Battle lines have emerged, with supporters such as SPUR, SFHAC, Silicon Valley Leadership Group, the Bay Area Council, and California YIMBY claiming that the legislation is a bold, necessary solution to the housing affordability and climate change crises. Opponents such as the City of Palo Alto, League of California Cities, and the Sierra Club of California assert that it is a threat to neighborhood stability and an invitation to gentrification.

On March 15, the Planning Commission held an informational hearing on SB 827, and the Planning Department prepared a detailed analysis of how it would apply in San Francisco. The report concludes that SB 827 would apply throughout most of San Francisco and would significantly upzone most of the areas of the City where there has traditionally been resistance to increasing height and density limits. Among questions and concerns raised in the report:

  • The height limits would be additive to state density bonus incentives and could result in heights greater than proposed in the legislation.
  • The City could continue to enforce certain objective design standards (for example, to require building sculpting), as long as certain minimum floor area ratio (FAR) limits are preserved. However, the bill’s language creates some uncertainty about exactly what local discretion is retained.
  • The legislation does not include funding or time for local jurisdictions to study and implement impact fees to mitigate effects of the upzoning. The April 9 amendments attempt to address this concern.

At the Planning Commission hearing, there was support for some of the objectives of the legislation, but Commissioners generally expressed concern about the “one-size-fits-all” approach and potential negative consequences for San Francisco if the bill passes in its current form.

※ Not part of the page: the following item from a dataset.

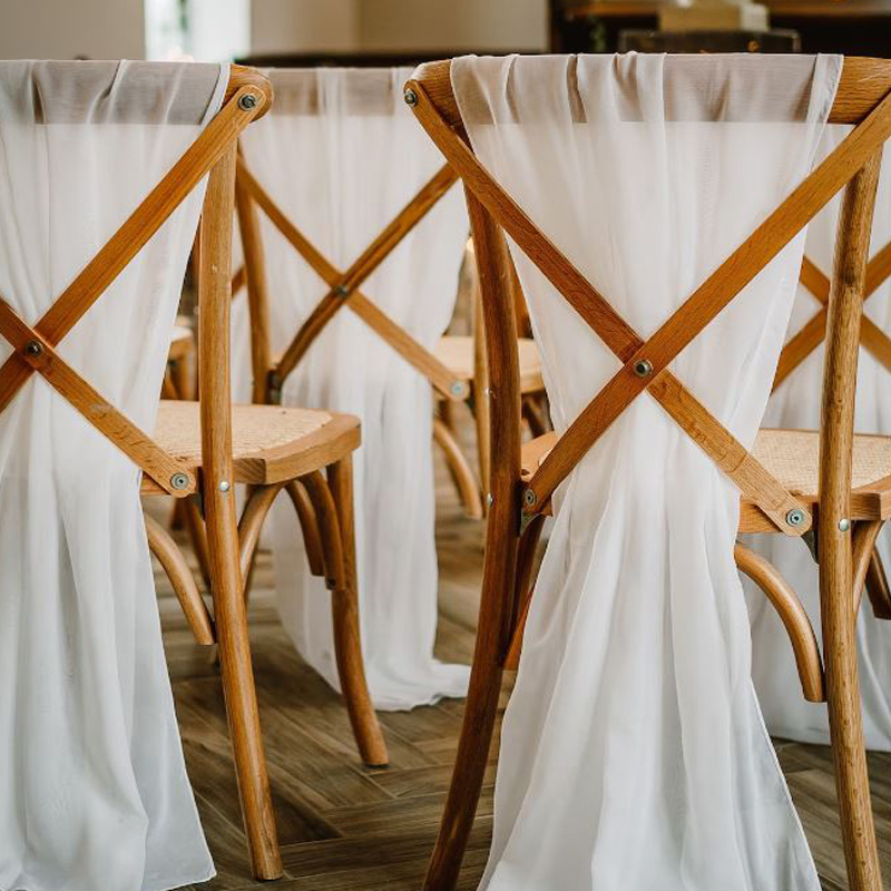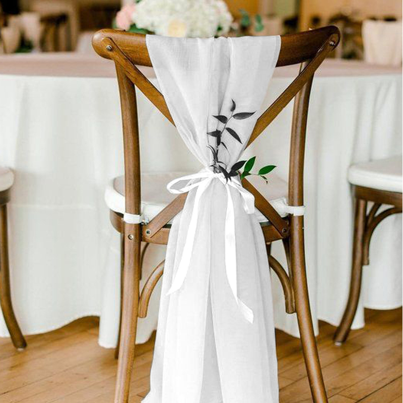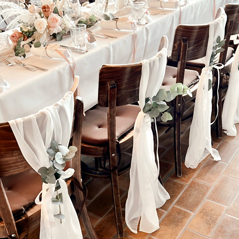 Stuhlband | Stuhltuch | Stuhlschleife Chiffon weiss mit Satinband weiss zum Binden [mieten]

On April 3, the San Francisco Board of Supervisors took a formal position in opposition to the legislation.  Previously, following vigorous public debate, the Land Use and Transportation Committee approved amendments to a resolution in opposition to SB 827. The resolution was reframed to urge amendments that would preserve certain local control and allow the economic benefit of height and density increases to be recaptured for affordable housing and other public benefits.  The full Board rejected the Committee’s recommendation and instead approved a resolution introduced by Supervisor Peskin opposing the bill.  The vote was 8-3, with Supervisors Breed, Safai and Sheehy opposed. Opposition was generally focused on the legislation’s impact on local control, lack of public benefits and mitigation, and tenant displacement.  Proponents emphasized the magnitude of the state-wide housing crisis and advocated for amendments to address displacement and other issues.